Global Impact and Future Outlook

Ant Group’s breakthrough signals a shift in the global AI landscape. By demonstrating that Chinese chips can achieve near-parity with Nvidia’s H800 at a lower cost, Ant Group challenges the dominance of U.S. chipmakers and encourages other nations to explore cost-efficient AI strategies. This development could pressure Nvidia’s market position, as evidenced by a brief stock dip following DeepSeek’s earlier cost-cutting claims in 2025. Moreover, Ant Group’s success may inspire global tech firms to adopt MoE techniques, further democratizing AI development.

Looking ahead, Ant Group plans to expand its AI applications in finance and healthcare, leveraging its Alipay platform’s vast user base. However, achieving long-term competitiveness will require addressing chip scalability, model stability, and independent validation of performance claims. If successful, Ant Group’s approach could redefine AI development, prioritizing efficiency over raw computational power and fostering a more inclusive global AI ecosystem.
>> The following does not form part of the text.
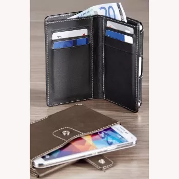 With this booklet case you will get both a smartphone case and a purse. A snap fastener ensures secure attachment of your smartphone and several compartments give you enough space for debit cards, banknotes, a parking ticket or EC card.

Ant Group’s use of domestic semiconductors to train cost-efficient AI models marks a significant milestone in China’s journey toward technological self-reliance. By leveraging the MoE approach and Chinese chips from Alibaba and Huawei, Ant Group has reduced training costs by 20% while achieving performance comparable to industry standards. This achievement not only strengthens China’s AI capabilities but also sets a new benchmark for innovation under geopolitical constraints. As Ant Group continues to refine its models and expand their applications, it is poised to play a pivotal role in shaping the future of AI, both in China and globally.